*** RECORD EXTRACTS Section Begins ***
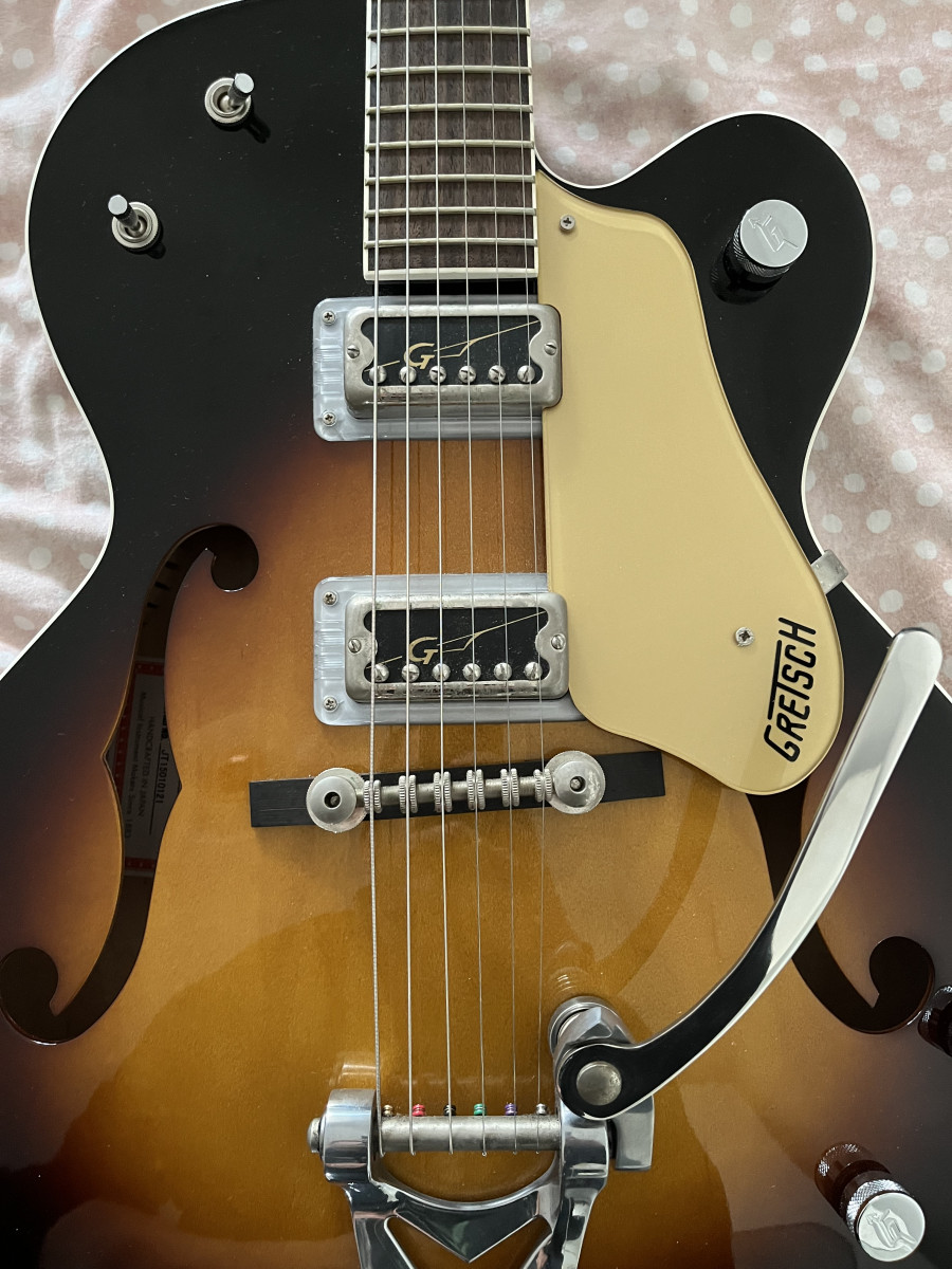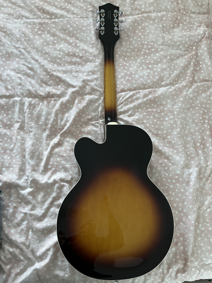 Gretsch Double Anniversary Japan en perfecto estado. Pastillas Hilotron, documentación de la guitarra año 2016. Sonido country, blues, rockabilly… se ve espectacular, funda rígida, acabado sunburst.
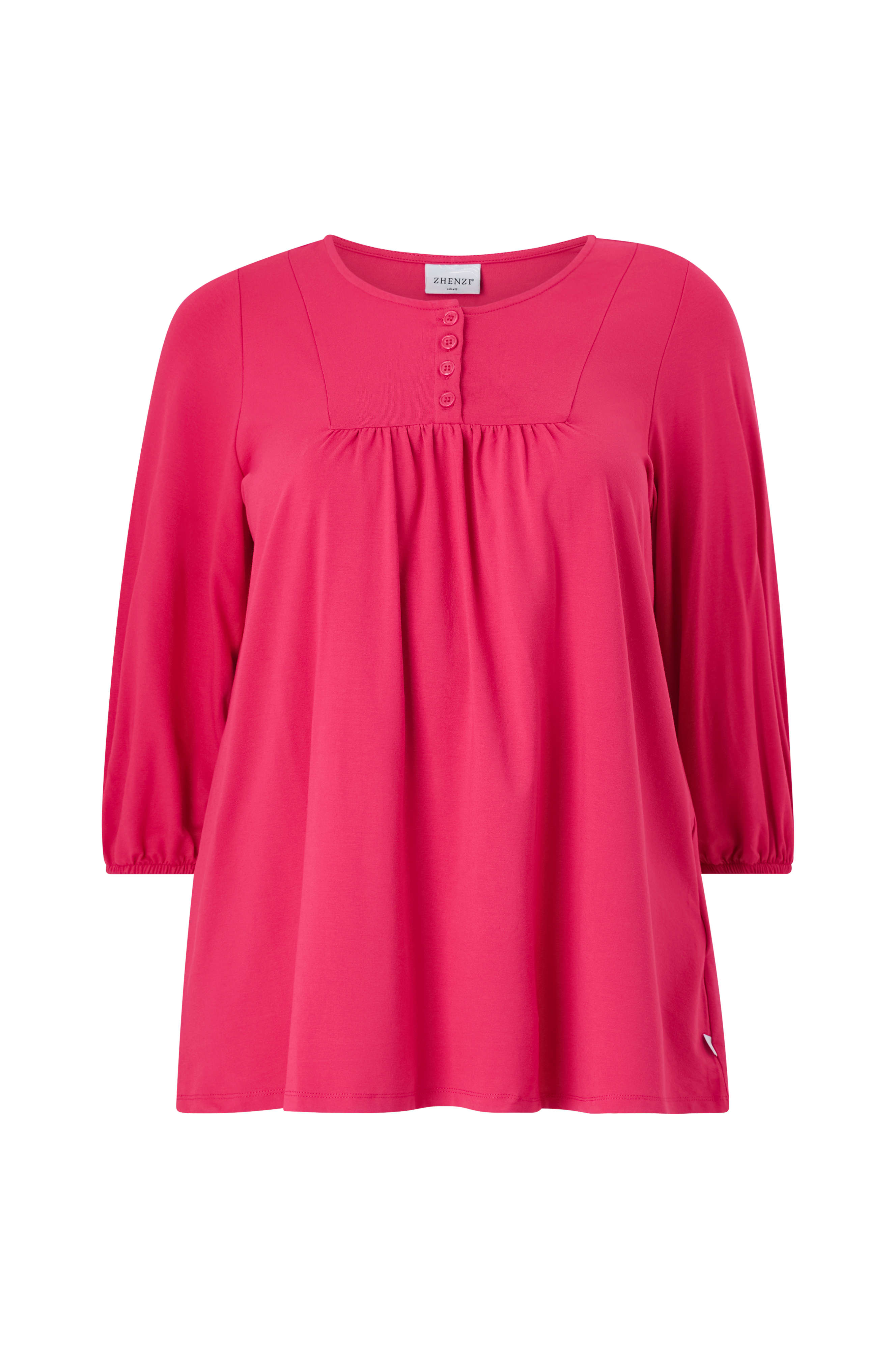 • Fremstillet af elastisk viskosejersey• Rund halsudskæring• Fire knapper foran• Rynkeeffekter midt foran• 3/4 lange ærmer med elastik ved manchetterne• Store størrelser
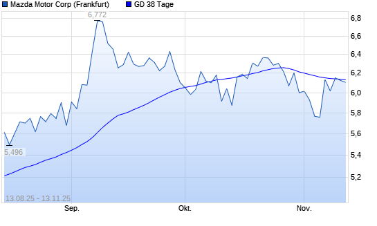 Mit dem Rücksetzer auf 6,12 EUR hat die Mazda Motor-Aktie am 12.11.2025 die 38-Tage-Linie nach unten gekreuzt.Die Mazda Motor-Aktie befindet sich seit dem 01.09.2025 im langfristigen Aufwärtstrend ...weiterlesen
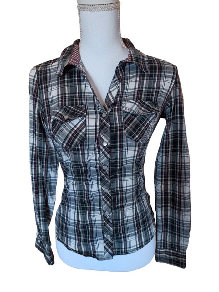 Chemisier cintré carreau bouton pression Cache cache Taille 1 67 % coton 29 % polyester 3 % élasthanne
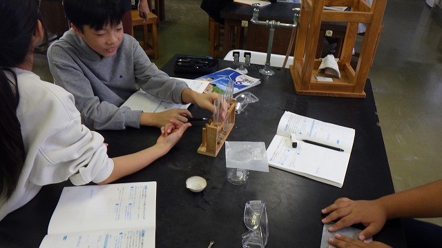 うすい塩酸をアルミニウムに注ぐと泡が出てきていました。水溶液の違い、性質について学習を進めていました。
*** RECORD EXTRACTS Section Ends ***
> [WHAT TO WORK ON]: Return verbatim every line from the one holding "manchetterne• Store størrelser" to the end of the records above. Do not copy the pictures.

> [WRITTEN SOLUTION]:
 • Fremstillet af elastisk viskosejersey• Rund halsudskæring• Fire knapper foran• Rynkeeffekter midt foran• 3/4 lange ærmer med elastik ved manchetterne• Store størrelser
 Mit dem Rücksetzer auf 6,12 EUR hat die Mazda Motor-Aktie am 12.11.2025 die 38-Tage-Linie nach unten gekreuzt.Die Mazda Motor-Aktie befindet sich seit dem 01.09.2025 im langfristigen Aufwärtstrend ...weiterlesen
 Chemisier cintré carreau bouton pression Cache cache Taille 1 67 % coton 29 % polyester 3 % élasthanne
 うすい塩酸をアルミニウムに注ぐと泡が出てきていました。水溶液の違い、性質について学習を進めていました。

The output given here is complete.